Московский бенефис
Шрифт:
— Ба! — ахнул Кот. — Это ж Кармела из «Чавэлы»! Виртуозка Москвы! Где моя записная! Автограф хочу!
— Уймись, юноша! — попросил я. — Во-первых, ее зовут Танечка, а во-вторых, я сам еще «не», понял?
— Уловил, — вздохнул Котяра. — Ну, тогда заходите…
Под навесом стояло два «Судзуки-Самурая» и родной «уазик». «Запорожец» рядом с ними выглядел нежной школьницей в компании солдат спецназа.
В стороне от навеса светились тусклые огоньки барака. Оттуда доносилось негромкое журчание медленной музыки типа блюза.
— Я что, разбудил?
— Да нет, — ответил
Кармела все еще возилась в «Запорожце», и я сказал вполголоса, чтобы слышал только Кот:
— Ты учти, она девушка приличная. Мне с ней в свалку играть еще рано. Обеспечь-ка нам номерок на двоих, чтоб был интим и уют.
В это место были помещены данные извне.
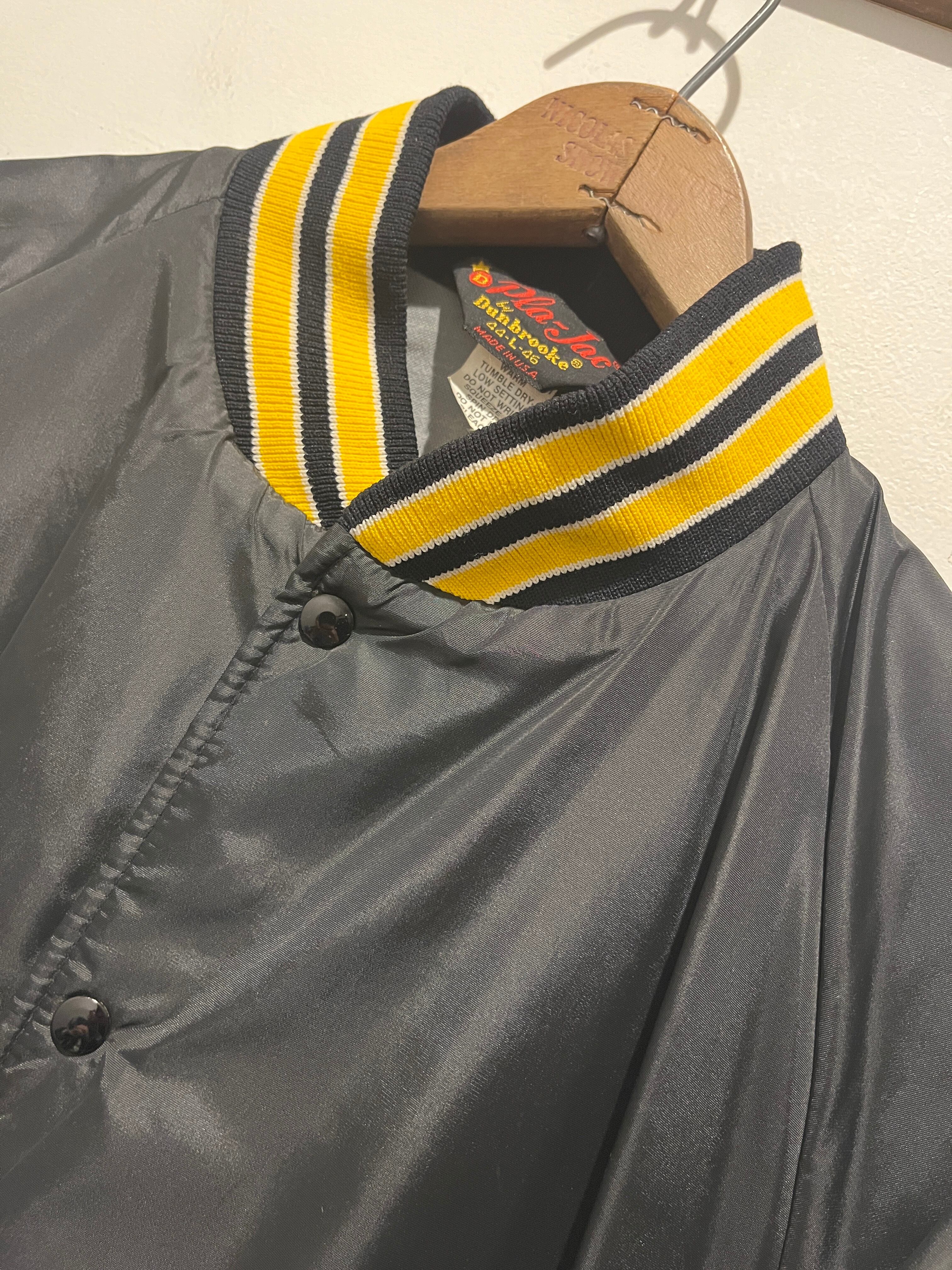 80年代アメリカ製のナイロンスタジャンです。ブラックカラーにリブがイエローラインと配色がとても良い1着です。そしてバッグのプリントがファーマーズ系で可愛くお洒落なデザインですね。コンディションも良くユニセックスでオススメなアウターです。

— Какой разговор, командир? Тащите вещички!
— Позвольте вам помочь? — спросил я, обращаясь к Тане. Она в это время запихивала в сумку мой автомат.
— Да, Дмитрий Сергеевич, наконец-то догадались!
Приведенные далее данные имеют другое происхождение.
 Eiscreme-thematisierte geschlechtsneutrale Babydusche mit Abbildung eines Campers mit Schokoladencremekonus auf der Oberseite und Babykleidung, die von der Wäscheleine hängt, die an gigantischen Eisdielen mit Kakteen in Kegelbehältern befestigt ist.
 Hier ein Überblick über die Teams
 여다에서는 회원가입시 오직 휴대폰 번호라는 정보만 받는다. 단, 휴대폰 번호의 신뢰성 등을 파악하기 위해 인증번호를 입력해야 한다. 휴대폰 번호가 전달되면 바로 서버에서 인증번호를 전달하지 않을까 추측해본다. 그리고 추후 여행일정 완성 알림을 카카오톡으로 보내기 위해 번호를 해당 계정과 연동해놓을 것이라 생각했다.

Скрипку с «винторезом» она, конечно, оставила при себе. А я взял на ремень сумочку, в которой было за двадцать пять кэгэ, точно. Не иначе Кармела ее парой цинков с патронами нагрузила.
Через крыльцо мы попали в коридор с несколькими дверями. На одной осталась табличка: «Бытовая комната». Вот ее-то и открыл нам Кот.
— Загружайтесь. Вот ключ, задвижка, окна вообще нет. Зато зеркало есть.
— А подъем, завтрак у вас когда? — пошутил я.
— Как проснетесь. Кофе, правда, не подаем, приходи на кухню и вари что хошь — жратвы от пуза. — Кот ушел.
Таня тут же закрыла дверь на ключ и на задвижку.
— В приятное место вы меня завезли, — прошептала она.
Я прислушался. Из соседней комнаты доносился хохоток бабы, которую приятно щупают, шелест одежды и невнятный шепоток.
— Насквозь все слышно, — тихо проворчала Таня. — Чихнуть нельзя. И темнота чертова!
— Сейчас свечку зажгу… — Я нашарил в темноте свечку и подпалил фитилек своим «Крикетом». Конечно, это был не «люкс» в «Савое». Торцевая стена была глухая, но на ней висело длинное, метра в три, зеркало. Когда-то солдатики перед ним морды брили.
А прямо вдоль зеркала, чуть ниже его по уровню, стояла здоровенная кровать. Она лишь немного не доходила от стены до стены и занимала полбытовки. Изголовье приставлено впритык к левой стене, около него тумбочка с ночничком — фонариком из свечки. Стекла отливали красным, и я догадался, что если фонарик зажечь, то помещение озарится бардачно-розовым светом. Свечка, которую зажег я, находилась на левой стене в настенном бра.
Еще в комнате стояли два кресла и столик, старые и обшарпанные.
Из-за стены доносились уже не хохоток и шорох, а ритмичные скрипы кровати и медленные бабские стоны:
— Ах-а-а… Ах-а-а… Ах-а-а…
— Тьфу! — прошипела Таня. — Здесь выспишься, пожалуй.
— А вас это волнует?
— Да она через пару минут заорет, как резаная! Это же профессионалка.
— Ну, если вам охота слушать, — сказал я, — можете развлечься. А я уже все — отключаюсь. Глаза не смотрят…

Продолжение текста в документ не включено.